TASK STATEMENT
When copying the listing below, skip every picture and repeat exactly the lines from the first one through the line that contains "Arrivati alle 21, una".

★ ★ ★ ★

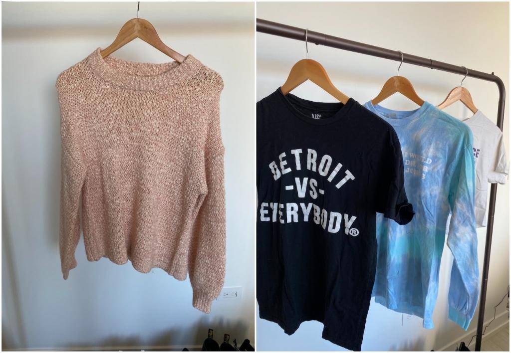 Однажды я пришла к выводу, что в моем гардеробе все вещи одинаковых цветов. Тогда я решила выходить из зоны комфорта и покупать вещи ярких цветов и с красочными принтами. На самом деле качественная футболка с рисунком — это идеальный базовый предмет одежды, который можно надеть под блейзер или кожаную куртку. Но в моем гардеробе они так и не прижились. Что касается розового свитера, это был своеобразный эксперимент, который не увенчался успехом.
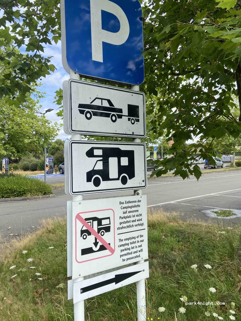 Arrivati alle 21, una sbarra chiude l'ingresso al parcheggio. Se sei dentro resti chiuso lì fino al mattino, altrimenti non puoi entrare. Proseguendo oltre c'è un grosso parcheggio (Lidl e Aldi) illuminato e tranquillo.
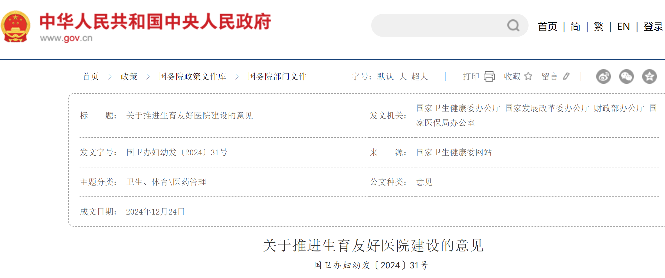 从政策层面来看,国家卫生健康委等四部门联合发布的《关于推进生育友好医院建设的意见》承载着时代使命。这一政策旨在为育龄妇女提供全流程、高质量的生育医疗保健服务,从孕前准备、孕期呵护,到分娩保障和产后照护,每个环节都体现对生育群体的深切关怀。这一政策是国家应对人口变化、推动人口高质量发展的重要举措,为生育友好型社会奠定基础。
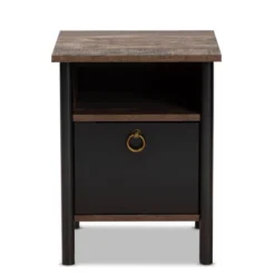 Add value to your bedroom with the rich wood tones and clean lines of the Vaughan nightstand. Made in Malaysia, the Vaughan is constructed from sturdy wood showcasing a striking union of dark brown and rustic brown finishes. One shelf and one enclosed compartment offer ample storage options for all your bedside essentials. The Vaughan requires assembly and is accented with a gold-tone metal ring pull that stands out beautifully against the dark wood finish. Outfitted with both fantastic utility and eye-catching style, the Vaughan nightstand is a distinguished addition to any home.
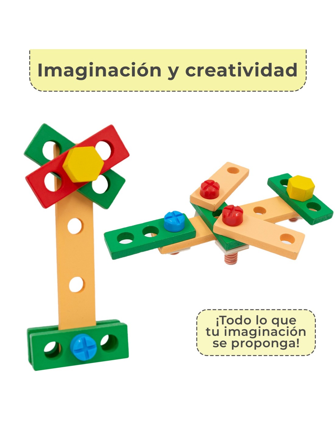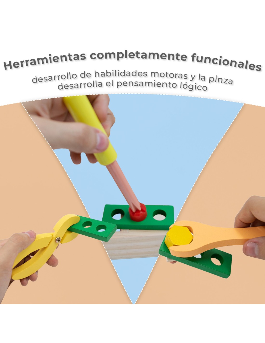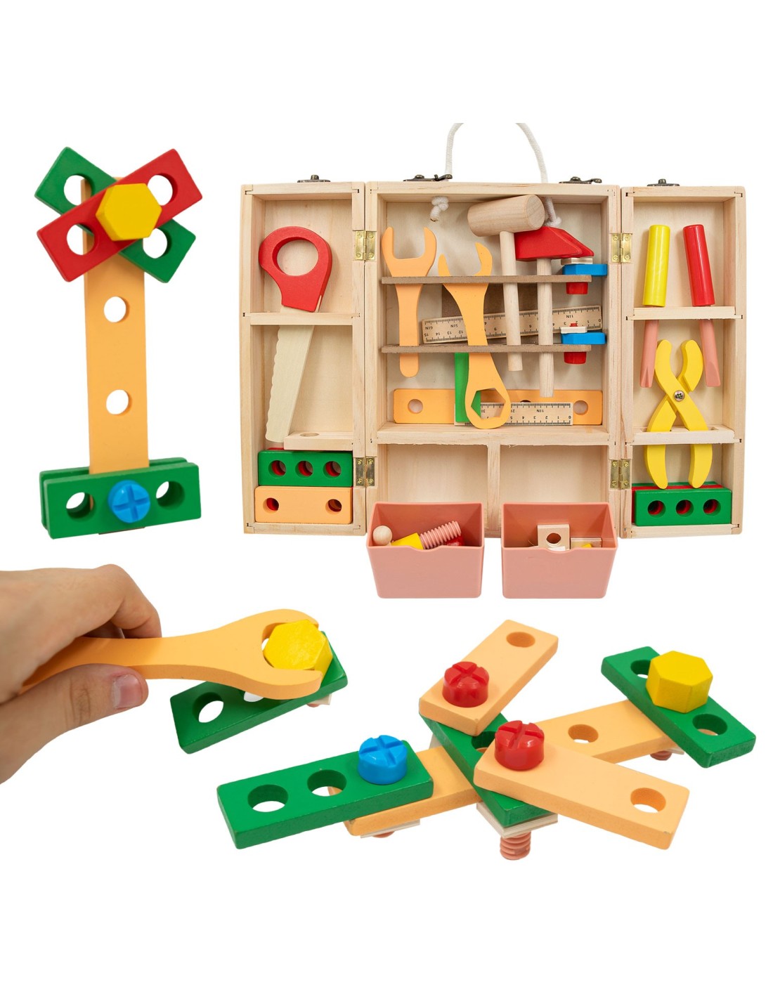 - El kit de herramientas de madera mantiene a tu hijo organizar bien sus herramientas, y con un asa en la parte superior, puedes llevarlo a todas partes.

★ ★ ★ ★

TASK ANSWER
 Однажды я пришла к выводу, что в моем гардеробе все вещи одинаковых цветов. Тогда я решила выходить из зоны комфорта и покупать вещи ярких цветов и с красочными принтами. На самом деле качественная футболка с рисунком — это идеальный базовый предмет одежды, который можно надеть под блейзер или кожаную куртку. Но в моем гардеробе они так и не прижились. Что касается розового свитера, это был своеобразный эксперимент, который не увенчался успехом.
 Arrivati alle 21, una sbarra chiude l'ingresso al parcheggio. Se sei dentro resti chiuso lì fino al mattino, altrimenti non puoi entrare. Proseguendo oltre c'è un grosso parcheggio (Lidl e Aldi) illuminato e tranquillo.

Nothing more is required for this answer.